" Réalités spirituelles "

R.S.19

LA MESSE ET SA MAGIE SACREE


Remarque préliminaire : cette feuille veut répondre à l'attente des trois quarts des auditeurs habituels de ce cours. Elle n'est pas, une leçon sur la doctrine traditionnelle du sacrifice de la Messe - nous la supposerons connue ! - mais elle veut surtout faire comprendre comment un prêtre ou même simplement un chrétien logique et fervent peuvent trouver dans leurs messes fréquentes et même quotidiennes une saveur, une joie spirituelles sans avoir pour cela besoin d'être devenus d'une sainteté irréprochable. La messe est le renouvellement de la mort et de la résurrection du Christ. La Messe est l'acte religieux le plus complet La communion qui fait partie intégrale de la Messe est l'acte religieux individuel et collectif qui pourrait être.le plus parfait Les rites de la Messe s'inspirent d'une théologie du sacrifice, d'une MAGIE SACREE qu'il n'est pas inutile de rappeler d'abord
I LA NOTION DE SUBSTITUTION
Dans tout sacrifice, la victime offerte et immolée (mise en tas !) est sacrifiée à la place de celui qui veut offrir ce sacrifice. C'est facile à comprendre dans les sacrifices antiques, c'est moins évident dans le sacrifice de la Messe, mais non moins réel. Le Christ est offert pour celui qui a demandé la Messe. C'est tout le problène des intentions de messe : est-ce le saorifice religieux et intérieur du prêtre qui est ainsi « payé » acheté ( ! ) pour être offert en son efficacité mystérieuse, ou seulement ( ? ) l'actualisation du sacrifice du Christ ? Dans les deux cas, il y a substitution du prêtre et du Christ ..au demandeur - payeur du sacrifice. Comme dans toute Messe, il n'y a qu'un seul prêtre et qu'une seule victime, le Christ, le Christ se substitue à l'impétrant . Mais celui qui demande une Messe n'a-t-il rien à faire ?
II LA NOTION D'INCARNATION
A la Messe, le sacrifice du Christ est renouvelé, actualisé . On a l'air de le comprendre comme s'il s'agissait d'une représentation théâtrale d'une action ancienne, complétement passée . Quelquefois on insiste sur le mot actualisation comme s'il s'agissait d'appliquer seulement et maintenant les mérites passés du Christ historique à nos petits besoins actuels. Il y a bien davantage : de même que Jésus comme Homme s'est offert pour être consciemment et volontairement agi par Dieu en lui, le chrétien s'offre à la Messe pour les actions qu'il peut entrevoir comme probables et s'engage à les accomplir en union à Dieu même s'il s'agit d'actions héroïques.

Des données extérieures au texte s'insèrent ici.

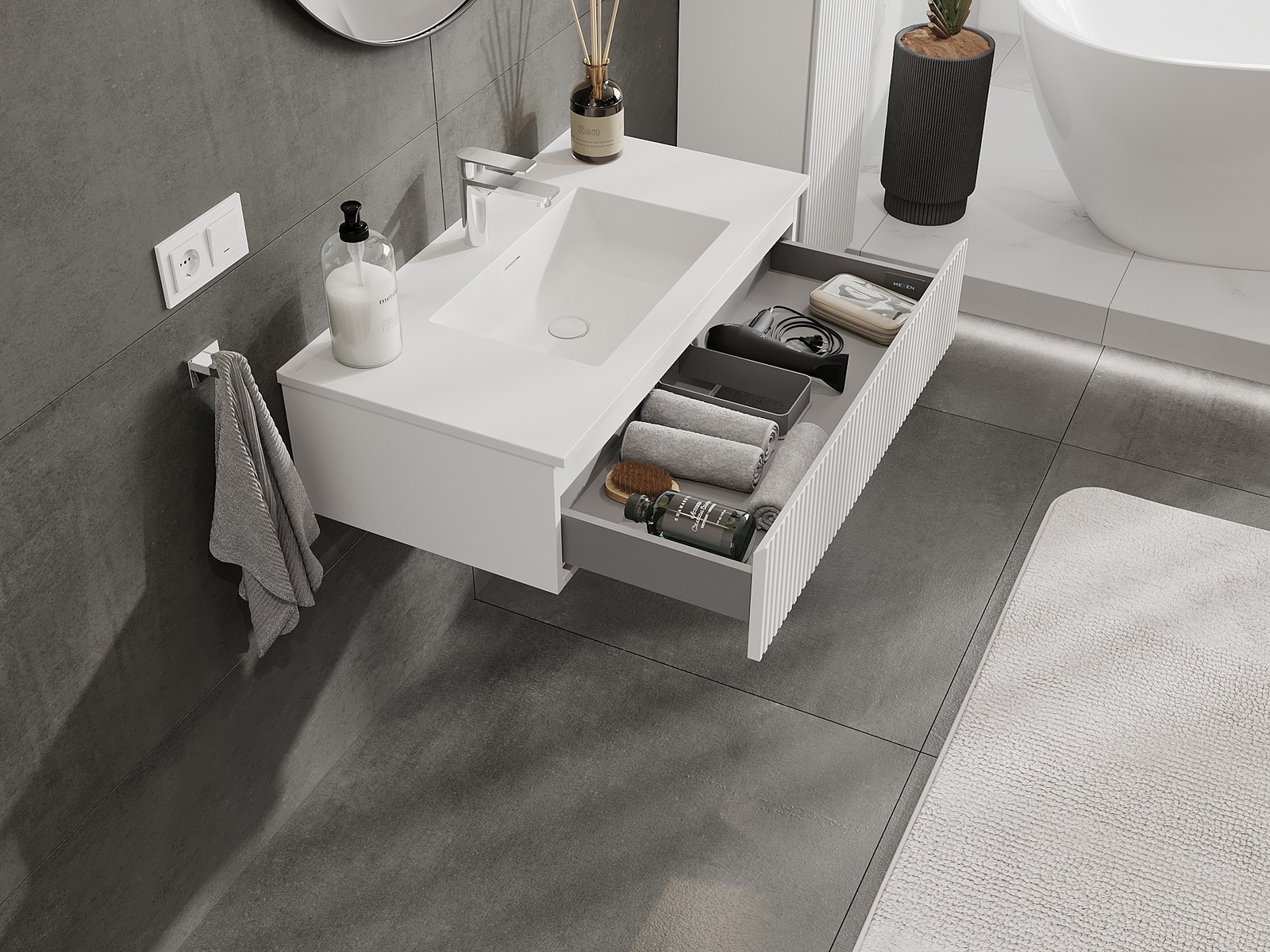 Mexen Rivel armadietto da bagno 90 cm con lavabo Otis, 1 cassetto, scanalato, bianco opaco - 91A20-09023-1-BF01-W18M01

Il les accomplira "in persona, Christi", en son nom. On voit bien cela pour les actions sacerdotales, sacramentelles : on ne pense pas à le dire assez des résolutions d'offrande à Dieu prises par les fidèles. Le chrétien est alors une sorte de réincarnation du Christ accomplissant maintenant les actions utiles à son règne actuel. Quelle que soit sa ferveur du jour, le prêtre, le fidèle trouve, dans la Messe ainsi comprise, une force d'engagement quotidienne qui n'est pas la moindre des grâces de la Messe . On voit aussi qu'il est normal d'aller à la Messe assez souvent si on veut vivre en union à Dieu, et que la Messe hebdomadaire est bien le MINIMUM nécessaire à une certaine ferveur.
III LA NOTION D'ALLIANCE
Que l'Eucharistie soit le sacrement de la Nouvelle Alliance implique qu'on accepte le principe d'une ancienne alliance consistant en l'union du fidèle ou du prophète ou surtout d'un peuple avec Dieu. Il y a plus ici puisque pour marquer l'ALLIANCE commune, le personnage Christ intervient, il est de tiers entre Dieu et nous si l'on peut dire. Pour bien le marquer, le fidèle reçoit la Communion, pour aller en union avec le Christ, accomplir ces actions auxquelles il s'est déterminé . Ainsi chaque Communion est un ENGAGEMENT à l'ACTION, et pas une extase tendre entre mon Jésus et moi ! Il y a commune-union de tous ceux qui sont ainsi unis au Christ-actif : l'Eglise visible des Communiants. APPLICATIONS PRATIQUES : une nouvelle vision des moments de la Messe Les temps forts de la Messe, Offertoire, Consécration, Communion seront redécouverts, transformés pour qui veut y prêter attention : OFFERTOIRE: dans la mesure où vraiment je m’offre pour faire quelque chose je comprends que c'est un temps fort du sacrifice. CONSECRATION : dans la mesure où je me suis offert : je suis consacré et désigné pour allez accomplir en union au Christ ce que nous avons résolu (combien de fois ose-t-on offrir à la messe ce qu’on n’aurait jamais eu le courage, de sang froid, de sacrifier de nos aises , de nos libertés ! Remarque : on recommande actuellement de faire communier les fidèles avec les hosties consacrées à la Messe-même à laquelle ils participent : comment marquer plus clairement que ç'est ce que nous avons offert qui y est consacré ? COMMUNION : Le Christ est placé en moi pour m’accompagner dans mes actions. C'est sans doule la raison pour laquelle on cherche plutôt à restreindre la dévotion à la communion en dehors de la Messe . La Communion au Christ a tout son sens dans une offrande de soi poursuivie de l'offertoire à la CONSEGRATION : ”Ceci est mon Corps" devenant,”Ceux-ci c’est mon Corps”actif. Bien sûr "Celui qui communie en dehors de la Messe n'est frustré d’aucune des grâces nécessaires au salut, mais il est moins aidé à comprendre que sa communion est participation actuelle, avec toutes les exigences vitales que cela comporte, au sacrifice du Christ'! P. Roguet qui ajoute : "La COMMUNION SOUS LES DEUX ESPECES est nécessaire à la plénitude significative de la réfection, comme la double consécration corps et âme est nécessaire à la plénitude significative du sacrifice” (dans "Parole et pain” Nº l page 39)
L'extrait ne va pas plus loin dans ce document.